The present invention relates generally to synchronization of clock and data signals and, more particularly, to circuits capable of clock and data recovery.
Communication systems may transport large amounts of data at very high data rates. The transportation of data within communication systems may typically be governed by one or more standards that ensure the reliability of data transfer and the integrity of data conveyances. In accordance with such standards, many system components and end user devices of a communication system transport data via serial transmission paths. For example, a variety of Ethernet standards have been developed for serial data transmissions within a communication system at data rates of 10 megabits per second, 100 megabits per second, 1 gigabit per second and beyond. Internally, however, the system components and end user devices of the communication system may process data in a parallel manner. Accordingly, each receiving system component and end user device may be required to receive the serial data and convert the serial data into parallel data without loss of information.

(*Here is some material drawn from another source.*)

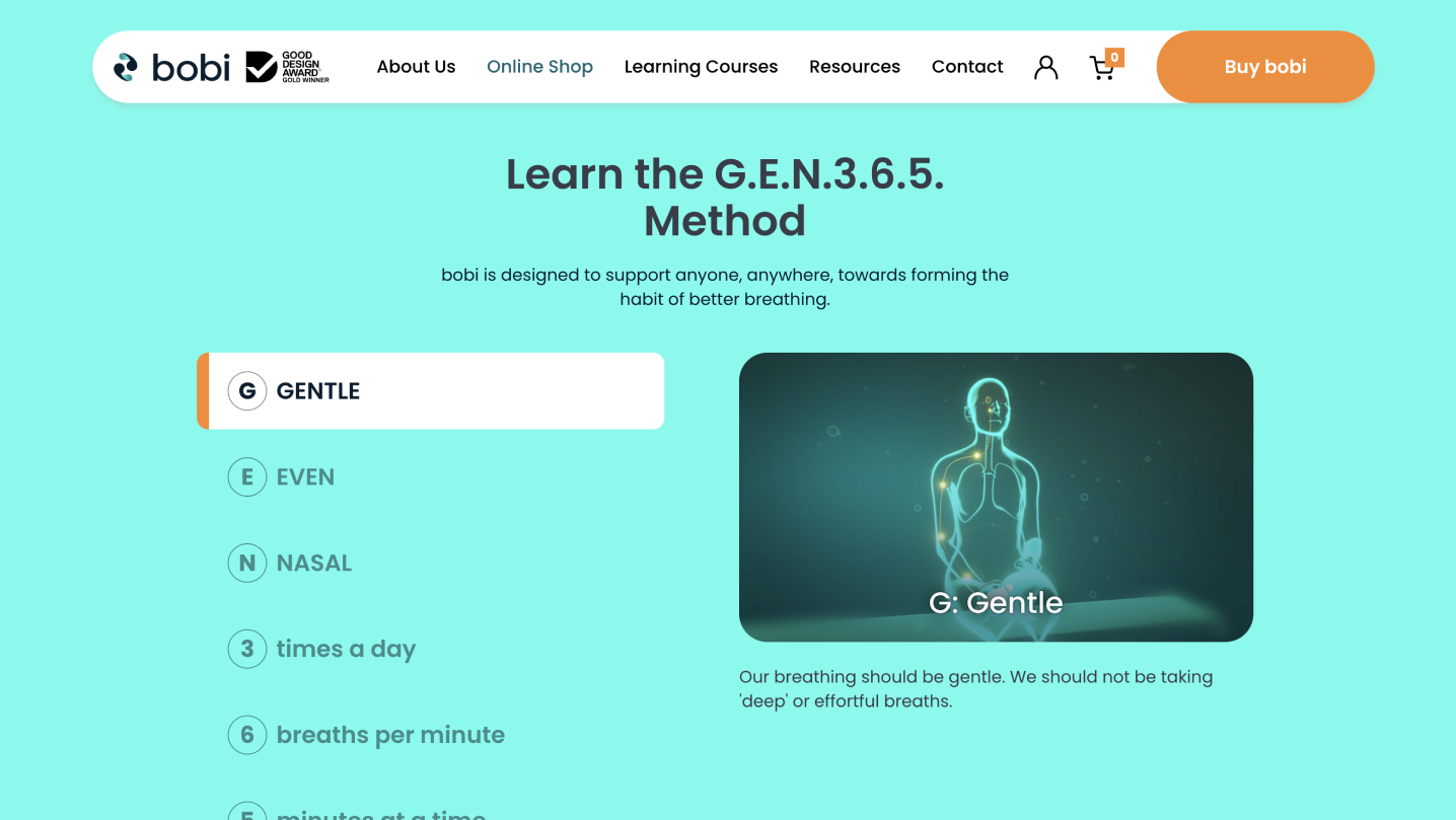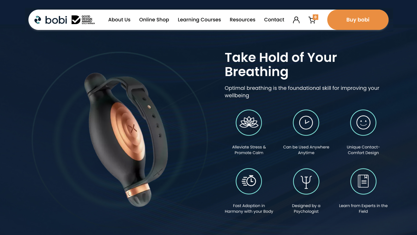bobi, a tactile and responsive aid, was invented by psychologist Damien Thomas, who observed many of his clients struggling to develop and keep good breathing habits. Damien approached Thrive Digital to create a dynamic website that captured the potential of bobi and demonstrated bobi's benefits to an online audience.

A clock and data recovery (CDR) receiver may be used for accurate recovery of information from high-speed serial transmissions. FIG. 1A is a block diagram of a conventional serializer/deserializer (SERDES) system 10. Referring to FIG. 1A, the SERDES system 10 may include a phase-locked loop (PLL) clock system 16 at a transmitter side, a clock/data recovery (CDR) 18 at a receiver side, and a number of SERDES sets 10-1 to 10-N corresponding to a number of channels 11-1 to 11-N, N being a natural number. The clock system 16, which is common to the SERDES sets 10-1 to 10-N, may provide a system clock based on a reference clock. The CDR 18, which is also common to the SERDES sets 10-1 to 10-N, may provide a clock signal and a recovered system clock. Each of the SERDES sets 10-1 to 10-N may be configured to convert parallel data to serial data and vice versa in one of the corresponding channels 11-1 to 11-N.

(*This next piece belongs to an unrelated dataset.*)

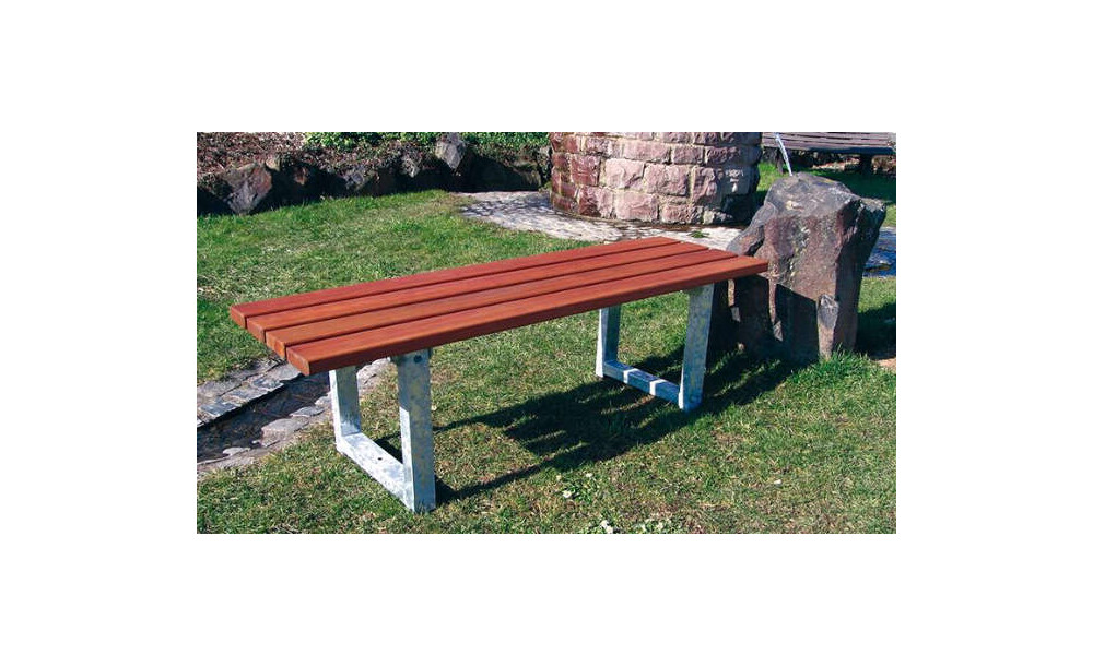 -Hockerbank, Modell 17 Die robuste 4-Sitzer-Ruhebank ohne Rückenlehne ist für den Außenbereich.

In operation, as an example of the SERDES set 10-1, data to be transmitted from a transmitter that include bit 0 to bit 7, denoted as TX [7:0], are sent to an encoder 12. The encoder 12 may include a “pseudo random binary system” (PRBS)-format encoder based on an 8B/10B encoding scheme. That is, the 8-bit parallel data TX [7:0] may be encoded into 10-bit parallel data. Likewise, in each the SERDES sets 10-2 to 10-N, two additional bits are required for every eight bits of data to be transmitted, which disadvantageously aggravates the transmission overload. The 10-bit parallel data may be sent to a serializer 13 such as, for example, a multiplexer. The serializer 13 may convert the parallel data into serial data based on the system clock from the clock system 16. A driver 14 such as, for example, a low-voltage differential signaling (LVDS) device, may then send differential serial data via the corresponding external channel 11-1 such as, for example, multiple wires, to a receiver 24. The receiver 24, which may include an LVDS device, converts the differential serial data into serial data. A re-sampling circuit 15 including, for example, data flip flops (DFF), may sample the serial data based on a clock signal from a phase interpolator 17. A de-serializer 23 such as a de-multiplexer may convert serial data from the re-sampling circuit 15 into 10-bit parallel data based on the clock signal from the interpolator 17. A decoder 22 such as, for example, a PRBS-format decoder, may convert the 10-bit parallel data into 8-bit parallel data RX [7:0].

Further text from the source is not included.